(Your goal):
Repeat the listing below word for word, minus the pictures.

(Collected material):
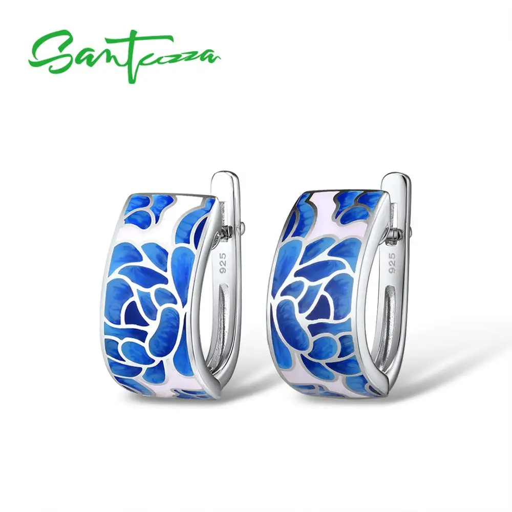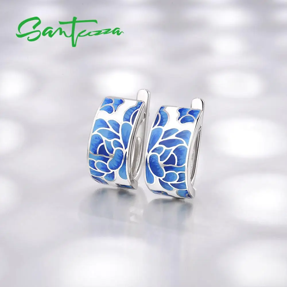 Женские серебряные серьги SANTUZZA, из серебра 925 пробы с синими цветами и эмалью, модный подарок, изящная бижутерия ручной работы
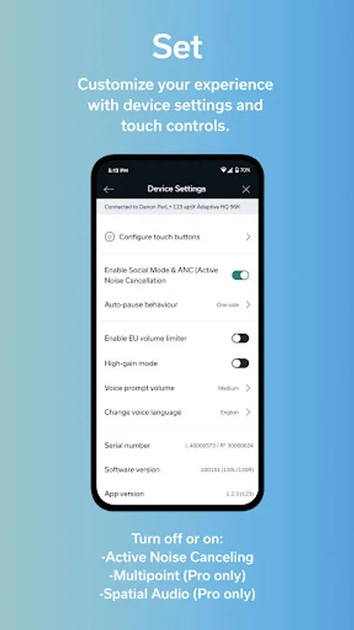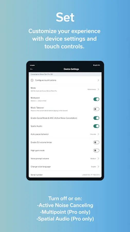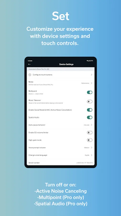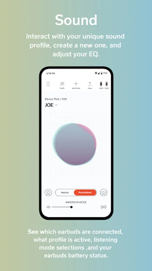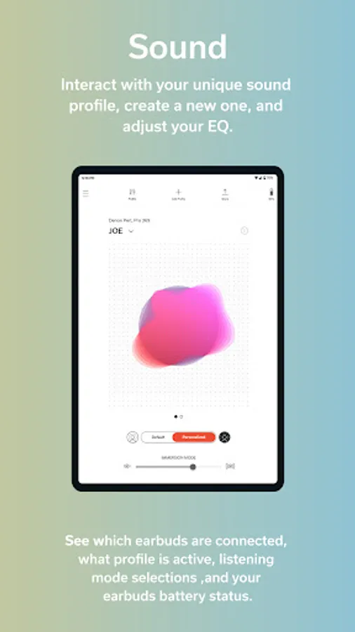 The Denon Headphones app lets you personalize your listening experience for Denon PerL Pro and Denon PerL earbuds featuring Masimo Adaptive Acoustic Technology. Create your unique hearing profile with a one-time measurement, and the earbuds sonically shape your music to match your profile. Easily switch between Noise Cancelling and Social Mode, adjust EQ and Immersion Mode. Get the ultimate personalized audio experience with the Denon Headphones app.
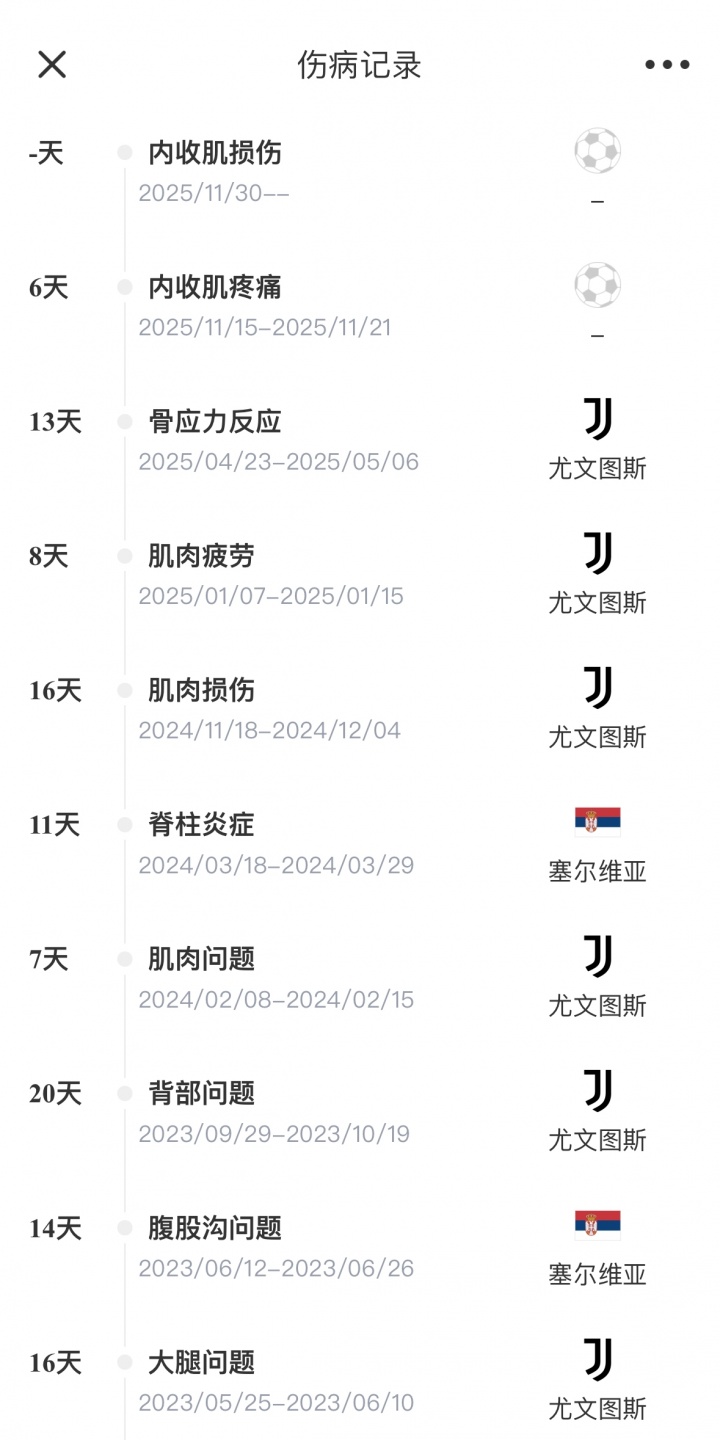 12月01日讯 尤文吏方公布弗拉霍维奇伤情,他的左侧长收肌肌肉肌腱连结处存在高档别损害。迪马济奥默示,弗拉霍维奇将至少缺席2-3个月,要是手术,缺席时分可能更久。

(Result):
 Женские серебряные серьги SANTUZZA, из серебра 925 пробы с синими цветами и эмалью, модный подарок, изящная бижутерия ручной работы
 The Denon Headphones app lets you personalize your listening experience for Denon PerL Pro and Denon PerL earbuds featuring Masimo Adaptive Acoustic Technology. Create your unique hearing profile with a one-time measurement, and the earbuds sonically shape your music to match your profile. Easily switch between Noise Cancelling and Social Mode, adjust EQ and Immersion Mode. Get the ultimate personalized audio experience with the Denon Headphones app.
 12月01日讯 尤文吏方公布弗拉霍维奇伤情,他的左侧长收肌肌肉肌腱连结处存在高档别损害。迪马济奥默示,弗拉霍维奇将至少缺席2-3个月,要是手术,缺席时分可能更久。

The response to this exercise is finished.